• **INFORMATION PROVIDED**
──────────────────────────────

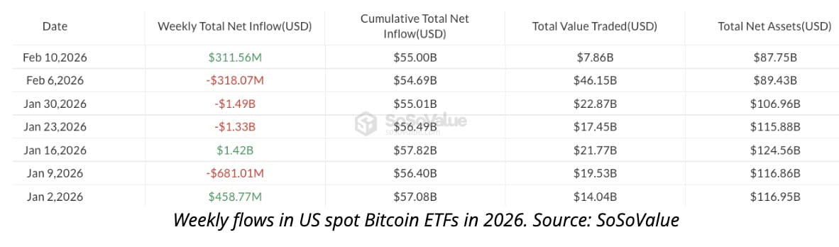 U.S. spot Bitcoin exchange-traded funds extended their recovery this week, posting fresh inflows that nearly erased last week’s losses, even as Bitcoin prices remained under pressure.
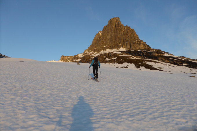 Vom Westgipfel P. 3023 durch die steile Ostrampe Sulz und vom Güfergletscher zum Güferhorn hart und wieder mit Harsteisen.
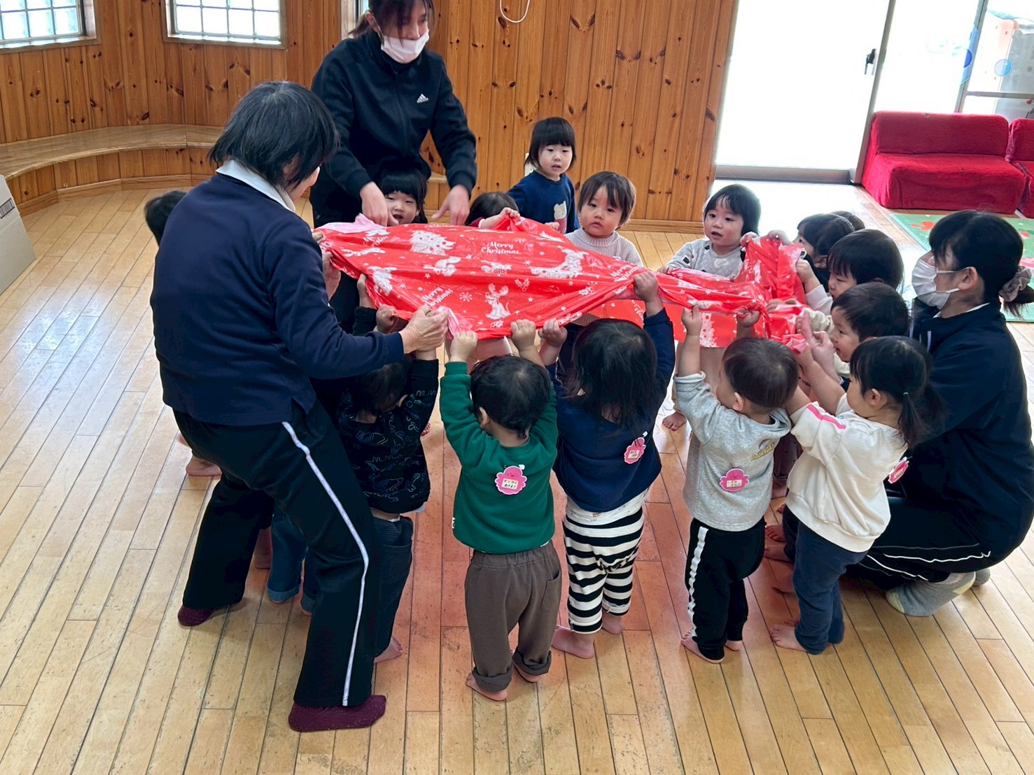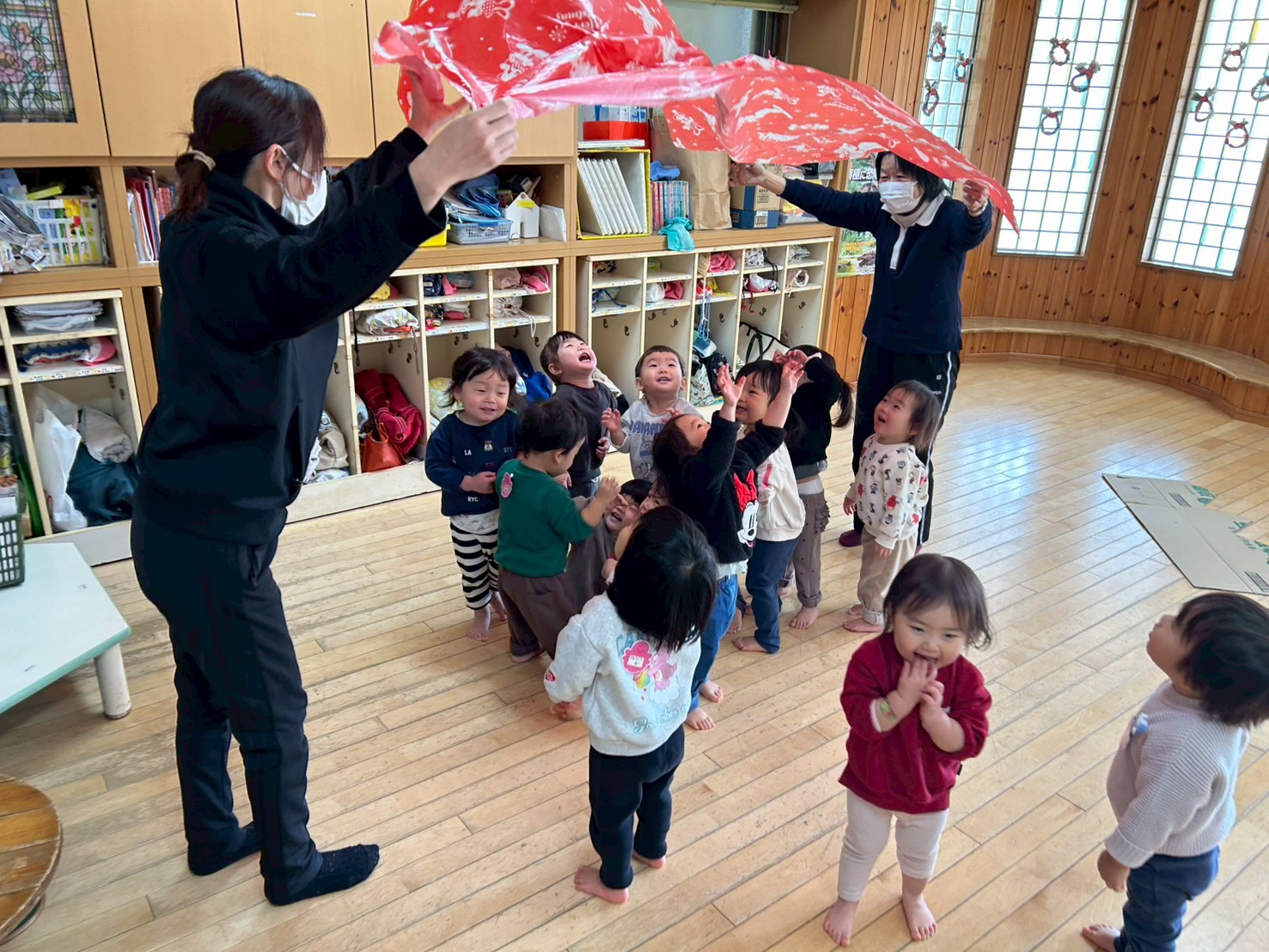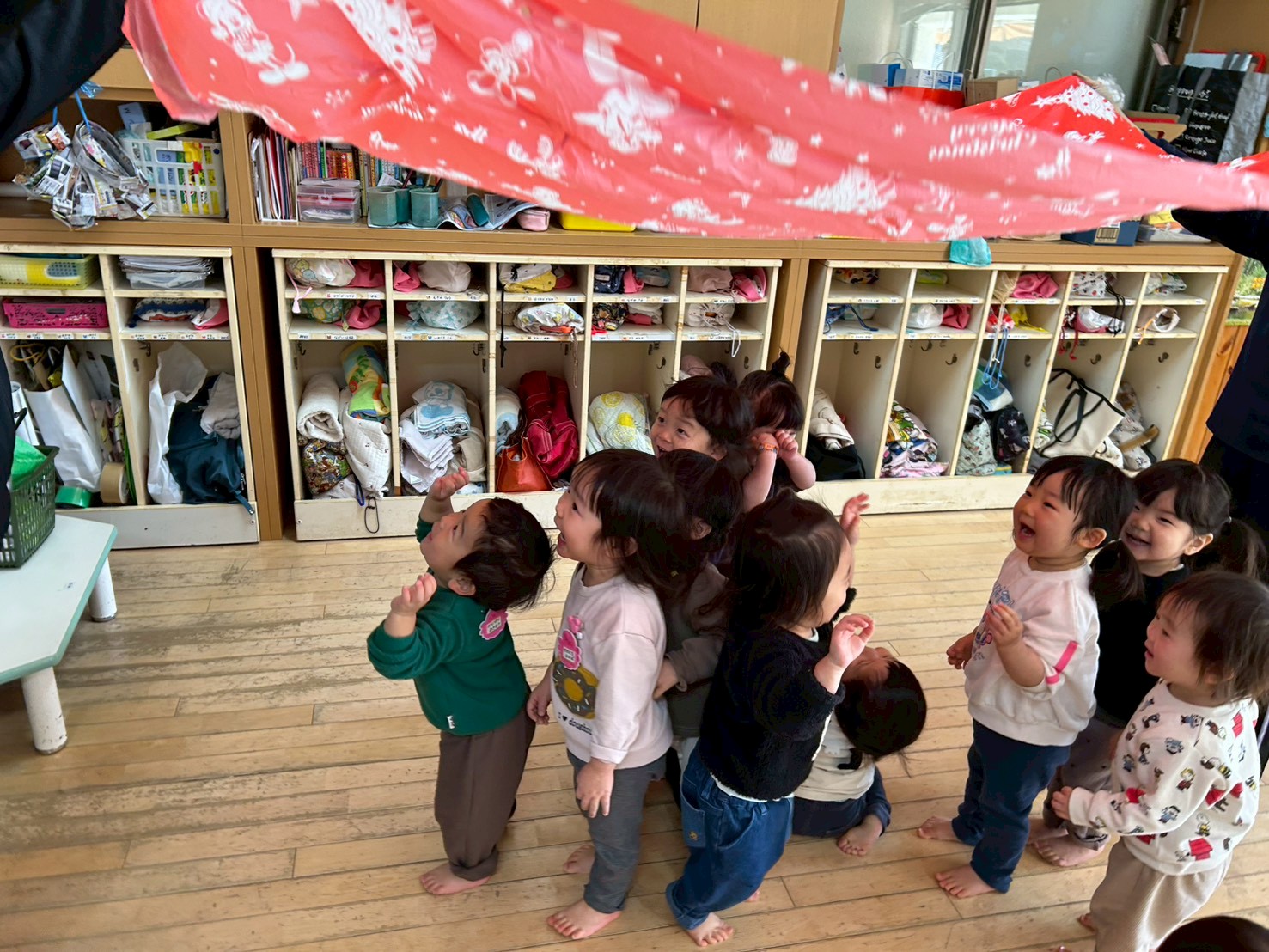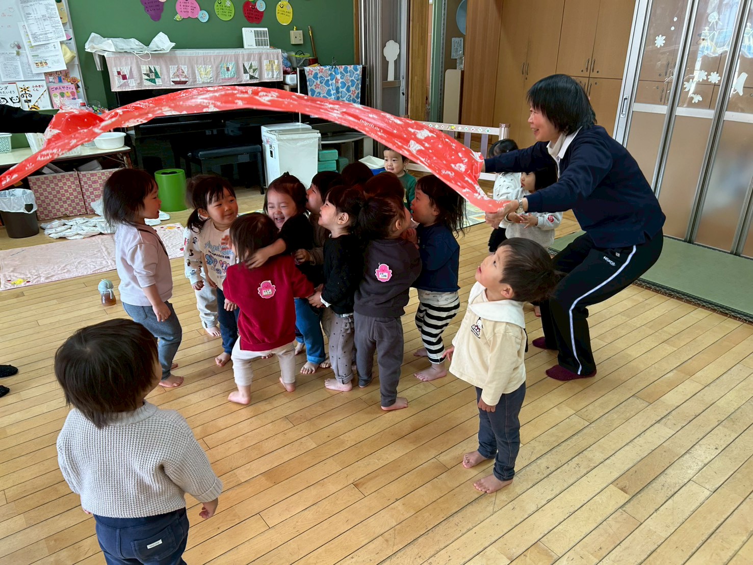 「みどりした。」「ぬりぬりした。」と満足そうに言う子がいる中、使ったビニールシートを拭き干しておこうとすると子どもたちの手が伸びてきて、引っ張り合いになりました。「ひっぱらないでー。」と困り顔の保育教諭をよそに、バサバサと動くシートに大喜びの子どもたちと、いつのまにかバルーン遊びのようになっていました。上下に動かすたびに大歓声!バルーンが逃げるとみんながくっつき合ったまま追いかけてきて、またその姿がとってもおもしろくかわいかったです。大喜びの子どもたちを見ると私たちももっともっと!楽しませたい!と力が入ります。最後はみんなで持って「うえ~、した~。」と上下させて遊び、気付くとシートはすっかり乾いていました。

──────────────────────────────

• **THE PROBLEM**
Give back every line of the material exactly as written, but not the pictures.

• **TASK SOLUTION**
 U.S. spot Bitcoin exchange-traded funds extended their recovery this week, posting fresh inflows that nearly erased last week’s losses, even as Bitcoin prices remained under pressure.
 Vom Westgipfel P. 3023 durch die steile Ostrampe Sulz und vom Güfergletscher zum Güferhorn hart und wieder mit Harsteisen.
 「みどりした。」「ぬりぬりした。」と満足そうに言う子がいる中、使ったビニールシートを拭き干しておこうとすると子どもたちの手が伸びてきて、引っ張り合いになりました。「ひっぱらないでー。」と困り顔の保育教諭をよそに、バサバサと動くシートに大喜びの子どもたちと、いつのまにかバルーン遊びのようになっていました。上下に動かすたびに大歓声!バルーンが逃げるとみんながくっつき合ったまま追いかけてきて、またその姿がとってもおもしろくかわいかったです。大喜びの子どもたちを見ると私たちももっともっと!楽しませたい!と力が入ります。最後はみんなで持って「うえ~、した~。」と上下させて遊び、気付くとシートはすっかり乾いていました。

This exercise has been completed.